Labour is the onset of regular contractions combined with the cervix (neck of the womb) opening. Preterm labour is when labour starts before 37 weeks gestation. Some women will go into labour for no apparent reason, some will have ruptured their membranes (see below) or may have infection. Some will have a weak cervix and some will have twins or triplets (see twins & more). Of course some women will be delivered early, either by Caesarean section of induction of labour, because there are problems with the pregnancy and it is safest to end the pregnancy sooner rather than later. About 5 – 10% of women will have their babies early, for one reason or another.
The reason we are concerned about preterm delivery is because of the risk to the baby of being born early.
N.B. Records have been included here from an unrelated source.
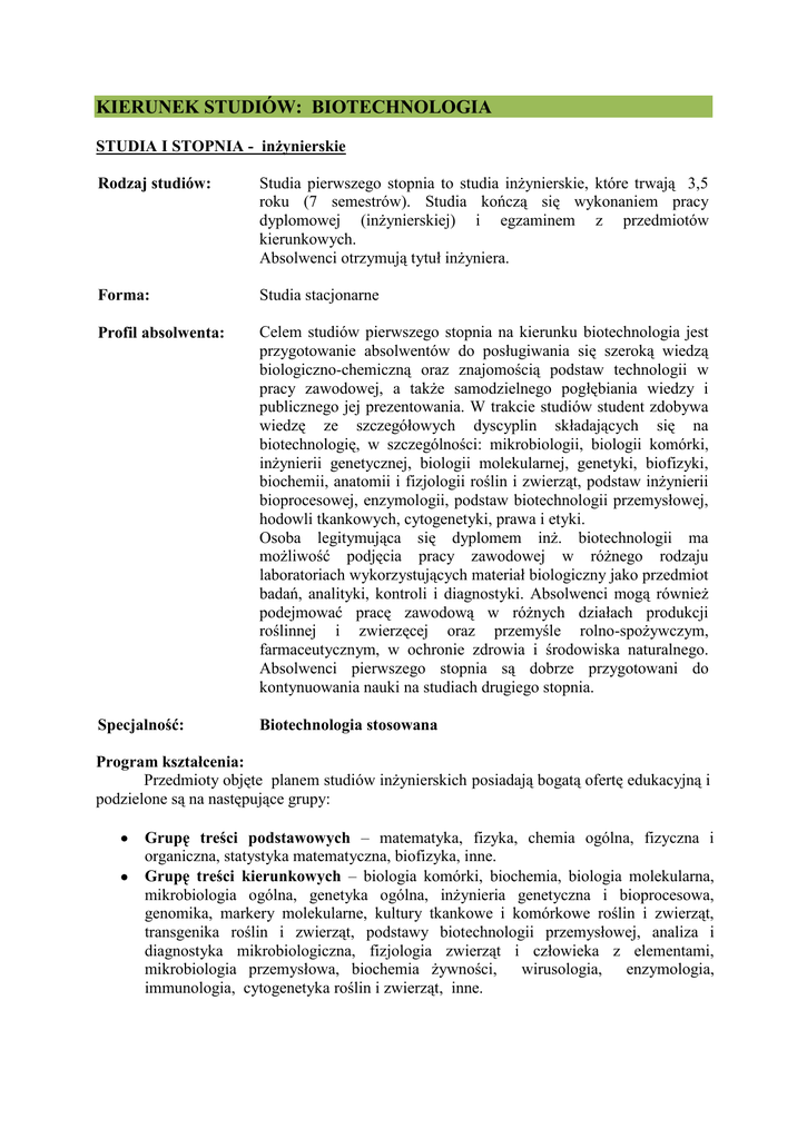 KIERUNEK STUDIÓW: BIOTECHNOLOGIA STUDIA I STOPNIA - inżynierskie Rodzaj studiów: Studia pierwszego stopnia to studia inżynierskie, które trwają 3,5 roku (7 semestrów). Studia kończą się wykonaniem pracy dyplomowej (inżynierskiej) i egzaminem z przedmiotów kierunkowych. Absolwenci otrzymują tytuł inżyniera. Forma: Studia stacjonarne Profil absolwenta: Celem studiów pierwszego stopnia na kierunku biotechnologia jest przygotowanie absolwentów do posługiwania się szeroką wiedzą biologiczno-chemiczną oraz znajomością podstaw technologii w pracy zawodowej, a także samodzielnego pogłębiania wiedzy i publicznego jej prezentowania. W trakcie studiów student zdobywa wiedzę ze szczegółowych dyscyplin składających się na biotechnologię, w szczególności: mikrobiologii, biologii komórki, inżynierii genetycznej, biologii molekularnej, genetyki, biofizyki, biochemii, anatomii i fizjologii roślin i zwierząt, podstaw inżynierii bioprocesowej, enzymologii, podstaw biotechnologii przemysłowej, hodowli tkankowych, cytogenetyki, prawa i etyki. Osoba legitymująca się dyplomem inż. biotechnologii ma możliwość podjęcia pracy zawodowej w różnego rodzaju laboratoriach wykorzystujących materiał biologiczny jako przedmiot badań, analityki, kontroli i diagnostyki. Absolwenci mogą również podejmować pracę zawodową w różnych działach produkcji roślinnej i zwierzęcej oraz przemyśle rolno-spożywczym, farmaceutycznym, w ochronie zdrowia i środowiska naturalnego. Absolwenci pierwszego stopnia są dobrze przygotowani do kontynuowania nauki na studiach drugiego stopnia. Specjalność: Biotechnologia stosowana Program kształcenia: Przedmioty objęte planem studiów inżynierskich posiadają bogatą ofertę edukacyjną i podzielone są na następujące grupy: Grupę treści podstawowych – matematyka, fizyka, chemia ogólna, fizyczna i organiczna, statystyka matematyczna, biofizyka, inne. Grupę treści kierunkowych – biologia komórki, biochemia, biologia molekularna, mikrobiologia ogólna, genetyka ogólna, inżynieria genetyczna i bioprocesowa, genomika, markery molekularne, kultury tkankowe i komórkowe roślin i zwierząt, transgenika roślin i zwierząt, podstawy biotechnologii przemysłowej, analiza i diagnostyka mikrobiologiczna, fizjologia zwierząt i człowieka z elementami, mikrobiologia przemysłowa, biochemia żywności, wirusologia, enzymologia, immunologia, cytogenetyka roślin i zwierząt, inne. Przedmioty wymagane - język obcy, podstawy prawa, podstawy bezpieczeństwa pracy i ergonomii, technologia informacyjna, grafika inżynierska, ochrona własności intelektualnej, inne. Przedmioty do wyboru – ochrona środowiska, analiza instrumentalna, kultury roślinne i zwierzęce in vitro, genetyka populacji, genetyka drobnoustrojów, bioróżnorodność i ochrona zasobów genowych roślin i zwierząt, analiza produktów spożywczych, ocena jakości żywności, biotechnologia w medycynie, inne. Biotechnologia to nie tylko wykłady, ale przede wszystkim ćwiczenia, na których studenci mają możliwość praktycznego opanowania wiedzy i zapoznania się z najnowszą aparaturą i sprzętem laboratoryjnym. Studenci samodzielnie wykonują m.in.: izolację i amplifikację DNA, oczyszczanie i elektroforezę białek, transformację bakterii i roślin, analizy mikrobiologiczne. Uczestniczą również w eksperymentach i badaniach naukowych prowadzonych w katedrach i zakładach Uniwersytetu Rolniczego. Dużym atutem zajęć dla studentów Biotechnologii są profesjonalnie wyposażone laboratoria oraz nowoczesna aparatura badawcza. Mogą również korzystać z dwóch pracowni komputerowych z dostępem do internetu oraz z elektronicznych baz danych w Bibliotece Głównej. W czasie studiów studenci odbywają 4 tygodniową praktykę zawodową w różnych firmach o profilu biotechnologicznym, gdzie mają możliwość zapoznać się z praktycznym wykorzystaniem wiedzy. Istnieje również możliwość wyjazdu na studia w ramach wymiany studentów (ERASMUS) na inne uczelnie krajowe i zagraniczne. Studenci mogą studiować jeden lub dwa semestry w renomowanych uczelniach w Austrii, Norwegii, Belgii, Danii, Hiszpanii oraz Francji. W celu poszerzenia swoich zainteresowań, studenci mogą działać w Kole Naukowym Biotechnologów „Helisa”, w ramach którego istnieją sekcje tematyczne m.in.: genetyki molekularnej, biochemii, mikrobiologii, kultur in vitro, technologii fermentacji, biotechnologii medycznej. Członkowie Koła biorą również udział w obozach naukowych dofinansowywanych z funduszy uczelnianych. Oprócz tego studenci w ramach działalności Koła przedstawiają swoje osiągnięcia naukowe na Sesjach Kół Naukowych i konferencjach. Ponadto przygotowują seminaria, zwiedzają placówki naukowe, firmy biotechnologiczne oraz laboratoria. Najaktywniejsi studenci otrzymują nagrody rzeczowe i pieniężne.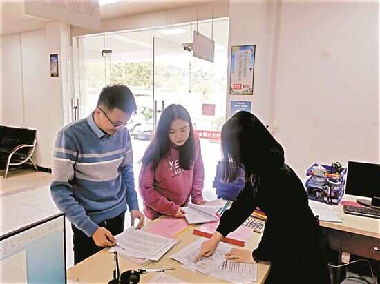 ■陈琳玲与工作队成员一同整理乡村振兴考核迎检材料。 |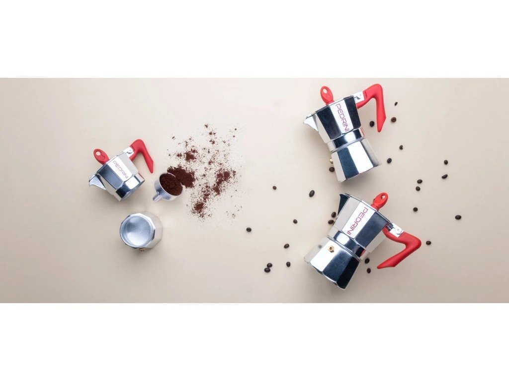 Pedrini Kaffettiera je bezvremenska aluminijska moka posuda proizvedena isključivo u Italiji . Njezin deseterokutni oblik osigurava savršenu raspodjelu topline tijekom zagrijavanja, što doprinosi ravnomjernoj ekstrakciji kave. Posuda je izrađena od aluminija prehrambene kvalitete EN601 , koji je ne samo izdržljiv , već omogućuje i stvaranje fine patine. Ona se formira na unutarnjoj površini redovitom upotrebom i s vremenom obogaćuje okus svake šalice. Ergonomska ručka otporna na toplinu s otpornošću na toplinu do 210 °C dizajnirana je za udobno rukovanje i, zajedno s praktičnim silikonskim brtvom, jamči savršeno brtvljenje tijekom svakog kuhanja. Sigurnost je osigurana 100% kontroliranim sigurnosnim ventilom , koji eliminira rizik od prekomjernog tlaka.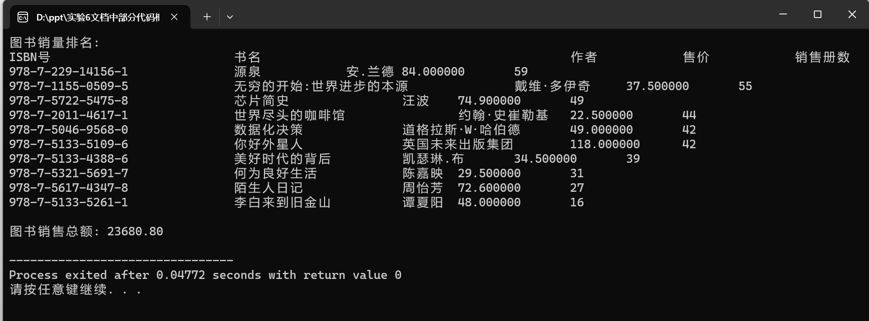 1 #include <stdio.h> 2 #define N 10 3 4 typedef struct { 5 char isbn[20]; // isbn号 6 char name[80]; // 书名 7 char author[80]; // 作者 8 double sales_price; // 售价 9 int sales_count; // 销售册数 10 } Book; 11 12 void output(Book x[], int n); 13 void sort(Book x[], int n); 14 double sales_amount(Book x[], int n); 15 16 int main() { 17 Book x[N] = {{"978-7-229-14156-1", "源泉", "安.兰德", 84, 59}, 18 {"978-7-5133-5261-1", "李白来到旧金山", "谭夏阳", 48, 16}, 19 {"978-7-5617-4347-8", "陌生人日记", "周怡芳", 72.6, 27}, 20 {"978-7-5722-5475-8", "芯片简史", "汪波", 74.9, 49}, 21 {"978-7-5046-9568-0", "数据化决策", "道格拉斯·W·哈伯德", 49, 42}, 22 {"978-7-5133-4388-6", "美好时代的背后", "凯瑟琳.布", 34.5, 39}, 23 {"978-7-1155-0509-5", "无穷的开始:世界进步的本源", "戴维·多伊奇", 37.5, 55}, 24 {"978-7-5321-5691-7", "何为良好生活", "陈嘉映", 29.5 , 31}, 25 {"978-7-5133-5109-6", "你好外星人", "英国未来出版集团", 118, 42}, 26 {"978-7-2011-4617-1", "世界尽头的咖啡馆", "约翰·史崔勒基", 22.5, 44}}; 27 28 printf("图书销量排名: \n"); 29 sort(x, N); 30 output(x, N); 31 32 printf("\n图书销售总额: %.2f\n", sales_amount(x, N)); 33 34 return 0; 35 } 36 37 // 待补足:函数output()实现 38 // ××× 39 void output(Book x[], int n) 40 { 41 int i; 42 printf("ISBN号 书名 作者 售价 销售册数\n"); 43 44 for(i = 0;i <= n-1;i++) 45 printf("%s\t\t%s\t\t%s\t%lf\t%d\n",x[i].isbn,x[i].name,x[i].author,x[i].sales_price,x[i].sales_count); 46 47 return ; 48 } 49 50 // 待补足:函数sort()实现 51 // ××× 52 void sort(Book x[], int n) 53 { 54 int i,j; 55 Book t; 56 for(i = 0;i <= n-1;i++) 57 for(j = 0;j <= n-1-i;j++) 58 if(x[j].sales_count < x[j+1].sales_count) 59 { 60 t = x[j]; 61 x[j] = x[j+1]; 62 x[j+1] = t; 63 } 64 65 return ; 66 } 67 68 // 待补足:函数sales_count()实现 69 // ××× 70 double sales_amount(Book x[], int n) 71 { 72 int i; 73 double s; 74 for(s = 0,i = 0;i <= n-1;i++) 75 { 76 s = s + x[i].sales_count*x[i].sales_price; 77 } 78 79 return s; 80 }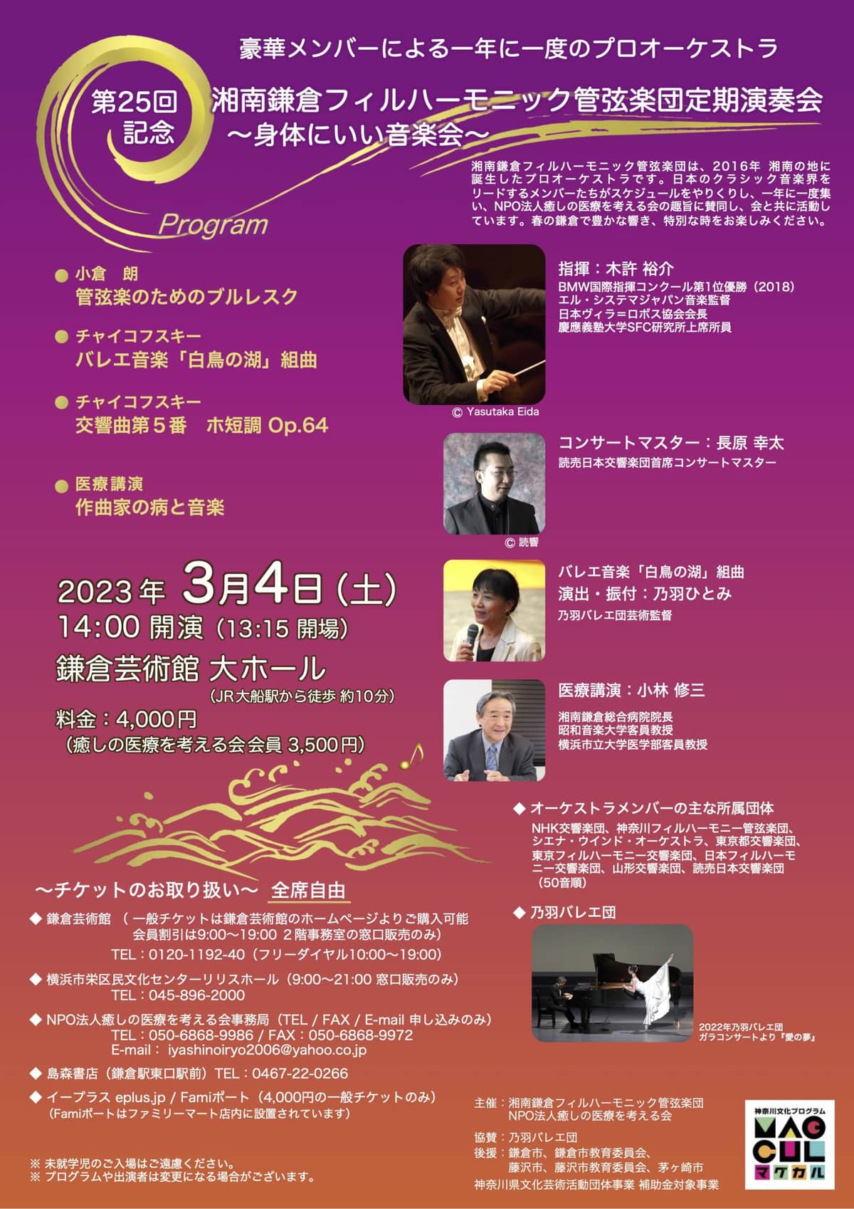 「第25回 湘南鎌倉フィルハーモニック管弦楽団定期演奏会 ~身体にいい音楽会」は 鎌倉芸術館大ホールにて 3月4日(土)開催! 誌主催のNPO法人癒しの医療を考える会理事長で 湘南鎌倉総合病院院長の小林修三さんをゲストにお迎えしました。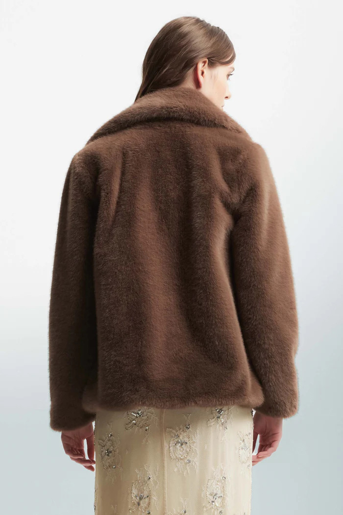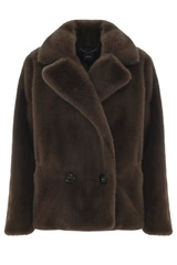 Cappotto corto realizzato in morbida pelliccia, con abbottonatura doppiopetto sul davanti. Caldo ed essenziale per un look impeccabile.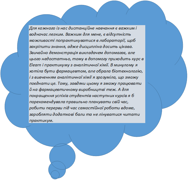 Розпочнемо розмову з минулого семестру, навчання у якому майже повністю було дистанційним, а загальну думку про його ефективність вдало, на наш погляд, під час опитування висловила студентка 2 курсу з майбутніх біотехнологів Климчук Анна:
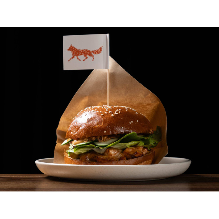 Булочка бріош, котлета з лосося, помідор, огірок, салат ромен, вершковий теріякі, соус Чайна та соус Спайсі.

In general, the earlier you are born, the greater risk of early death or handicap (figure1). Early deliveries account for about 75% of all perinatal deaths (around the time of childbirth). If you have abdominal pain or believe you are contracting, even if you are not due, you should seek medical assistance
Early detection and effective management of preterm labour is essential in trying to reduce the incidence and complications associated with preterm birth, which is the leading cause of infant morbidity and mortality and accounts for 35% of all healthcare spending on infants.
Widespread treatment of women with signs and symptoms of preterm labour has failed to stop the increase in the prevalence of preterm births. In the United States 9.4% of births were preterm in 1981; that number increased to 11% in 1993. The aim of using tocolytic drugs and rest are to try and prolong pregnancy to term or long enough for substantial increases in gestational age and infant birth weight or, at a minimum, to prolong gestation while an effective regimen of corticosteroids can be administered to enhance fetal lung development. The value of these medications is tempered by uncertainty as to whether pregnancy prolongation will improve infant outcomes. Biomarkers such as fetal fibronectin (fFN) and transvaginal ultrasound have been used as tests to predict preterm delivery risk.